Mark Steyn - THE GERIATRIC TEENAGER
“I see some young people in the audience,” said President Obama in Ohio the other day. Not that young. For he assured them that, under Obamacare, they’d be eligible to remain on their parents’ health coverage until they were 26.
The audience applauded.
Why?
Because, as the politicians say, “it’s about the future of all our children”. And in the future we’ll all be children. For most of human history, across all societies, a 26-year old has been considered an adult, and not starting out but well into it. Not someone who remains a dependent of his parent, but someone who might well have parental responsibilities himself. But, if we’re going to remain dependents at 26, why stop there? Why not 36? An Italian court ruled recently that Signor Giancarlo Casagrande of Bergamo is obligated to pay his daughter Marina a monthly allowance of 350 euros – or approximately 500 bucks. Marina is 32, and has been working on her college thesis (“about the Holy Grail”) for over eight years.

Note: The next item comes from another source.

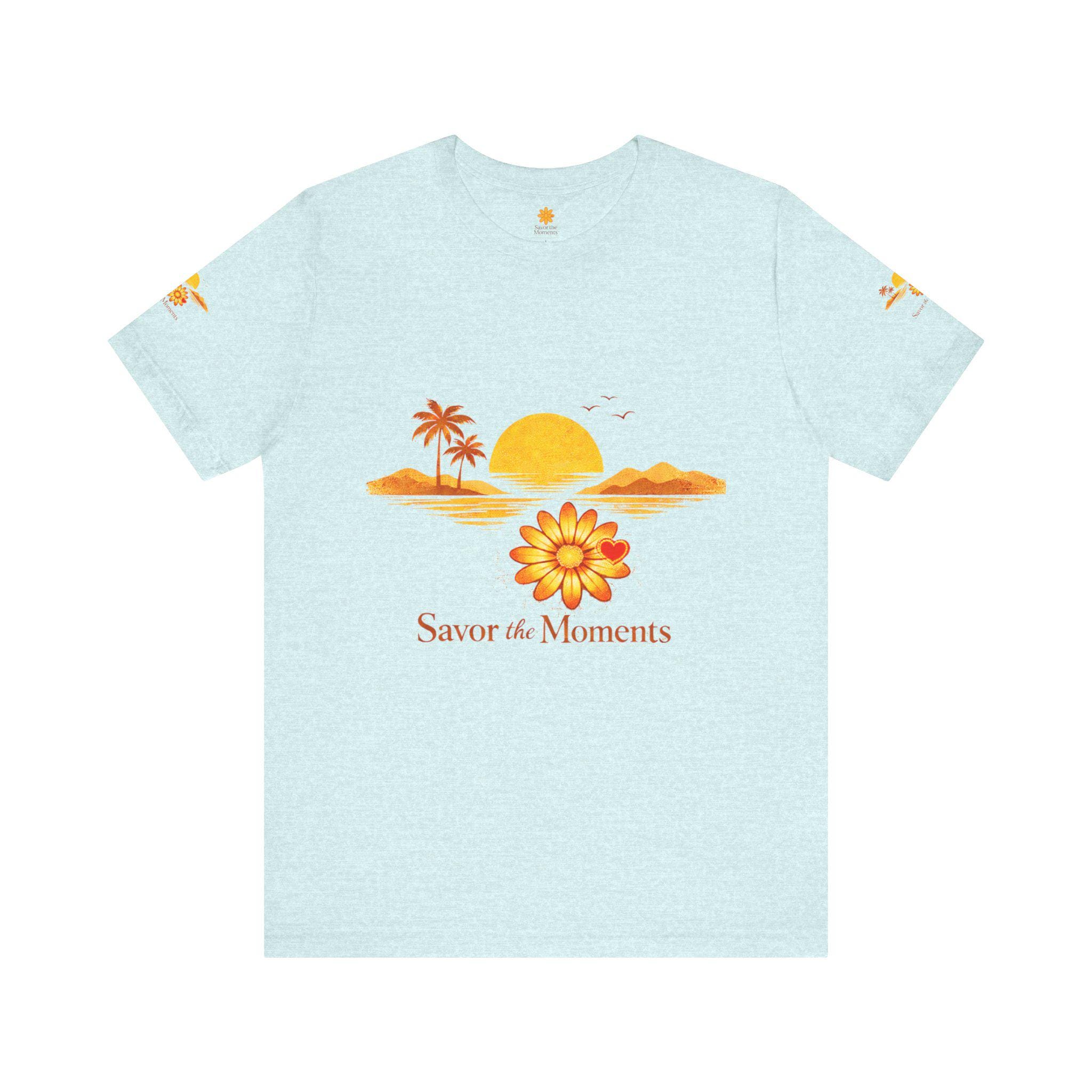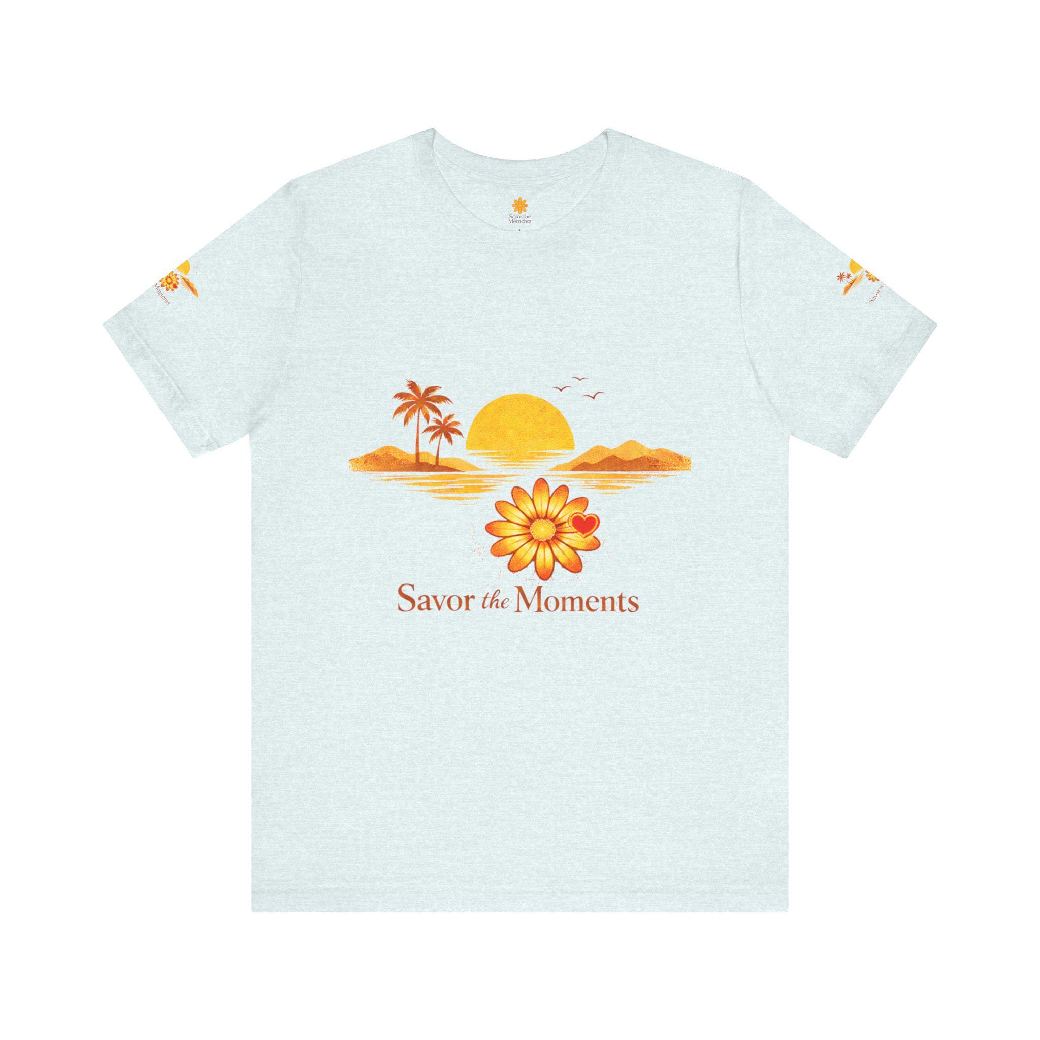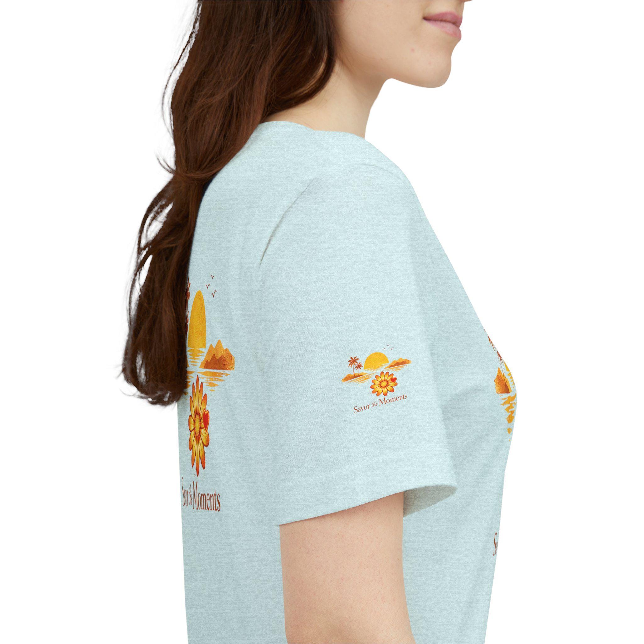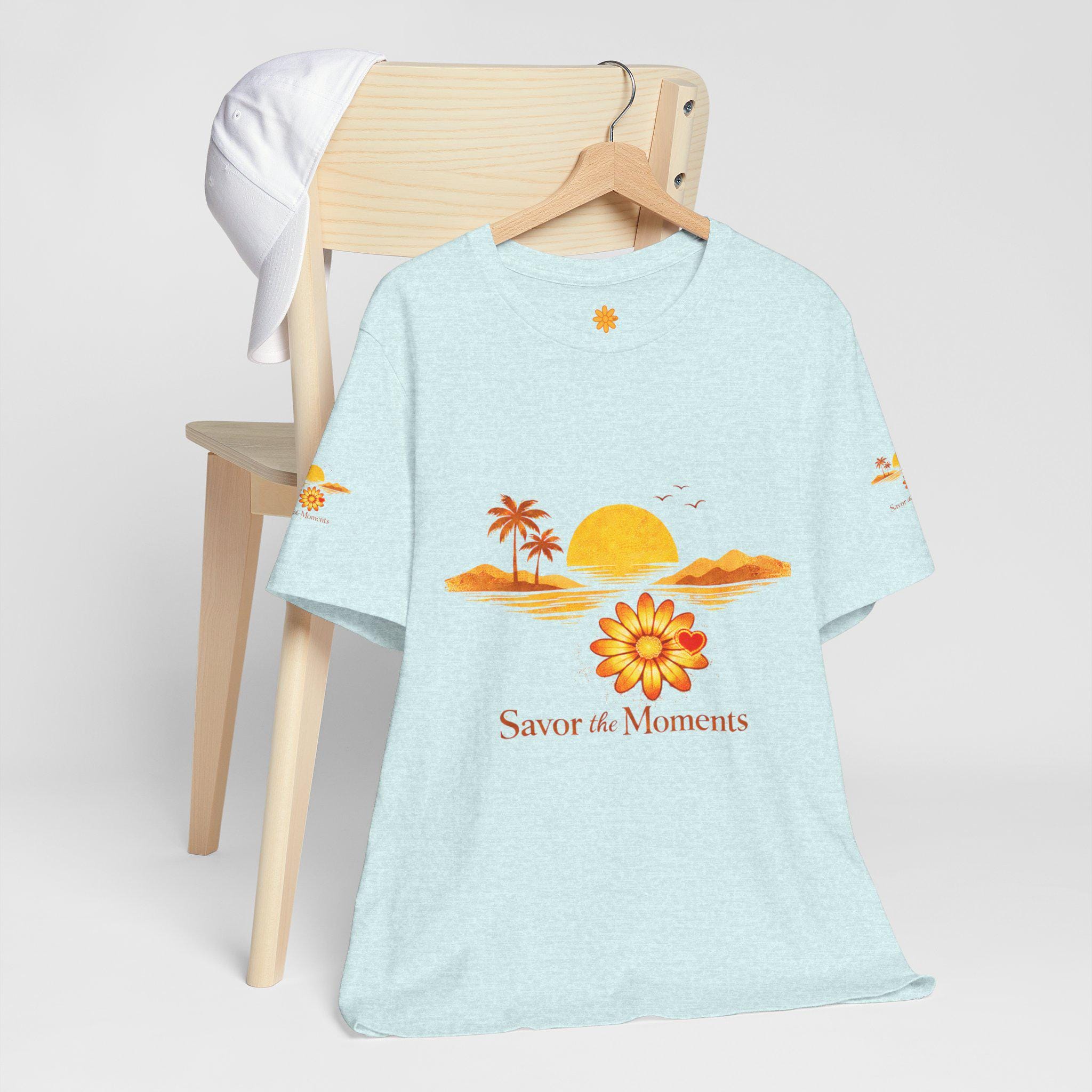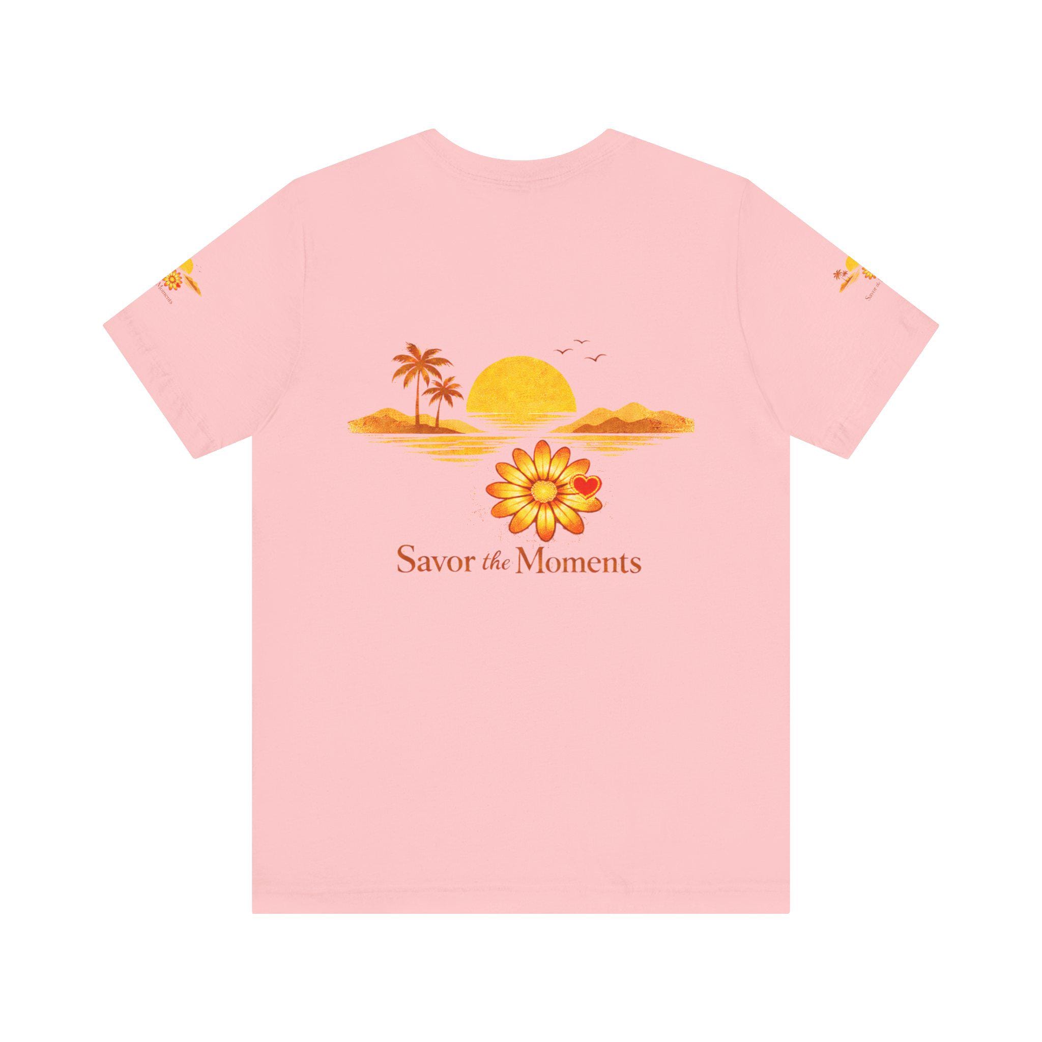 Breathe in the slow warmth of a late afternoon on the coast. This lightweight jersey tee captures a mellow sunset—golden sun, palm silhouettes, and a simple floral accent—paired with the gentle reminder: Savor the Moments. It sits neatly at the crew neck and falls with a relaxed retail fit, layering easily under jackets or worn solo while wandering boardwalks, picnicking by the water, or lounging at home. Thoughtful details like side seams, ribbed knit collar, and shoulder tape keep the shape soft but structured. Made from breathable Airlume combed and ring-spun cotton with a tear-away label for extra comfort, it’s crafted in ethically audited facilities. Reach-certified and adult-sized, the shirt’s warm palette and calm vibe invite slow afternoons and easy conversations.

America is not yet as “progressive” as Italy, so let us take President Obama at his word – that, for the moment, your 27th birthday marks the point at which a boy becomes a man and moves out of his parents’ health insurance agency. At what point then does an adult re-enter dependency?
Well, in Greece, a female working in a “hazardous” job can retire with a full government pension at 50. “Hazardous” used to mean bomb disposal, and mining. But, as is the way of government entitlements, the category growed like Topsy. Five hundred and eighty professions now qualify as “hazardous”, among them hairdressing. “I use a hundred different chemicals every day — dyes, ammonia, you name it,” 28-year old Vasia Veremi told The New York Times. “You think there’s no risk in that?” Not to mention all those scissors. TV and radio hosts can retire at 50, because they use microphones which could increase their exposure to bacteria. Is column-writing also “hazardous”? It used to be, what with the significant risk of paper cuts. Takes its toll over the years.So working life is now an ever shrinking window of opportunity between adolescence and retirement. These two happy conditions are the contribution of the advanced social democratic state to the traditional life cycle. In the old days, you were a child until 13 or so. Then you worked. Then you died. And that’s it. Now the interludes between childhood and adulthood and between adulthood and death consume more time than the main acts.
So, if adolescence ends somewhere between 27 and 32 in advanced western nations, when does it begin? We turn for guidance to The Daily Mail in London:
Girls as young as 11 are to be offered pregnancy tests at school.
They will also have access to contraception, the morning-after pill and advice on sexually transmitted infections.
Whatever it takes to get you through recess. So a Sixth Grader can be taught oral sex – “outercourse”, as British teachers call it – and given the abortion helpline number without parental consent. Because, as everyone knows, our bodies “mature” earlier so it would be unreasonable not to expect our grade-schoolers to be rogering anything that moves, and the most we can hope to do is ensure there’s a government-funded condom dispenser nearby. But, evidently, our minds mature later and later, pushing into what less evolved societies regarded as early middle age, so it would be unreasonable to expect people who’ve been fully expert in “sexually transmitted infections” for the best part of two decades to assume responsibility for their broader health care arrangements.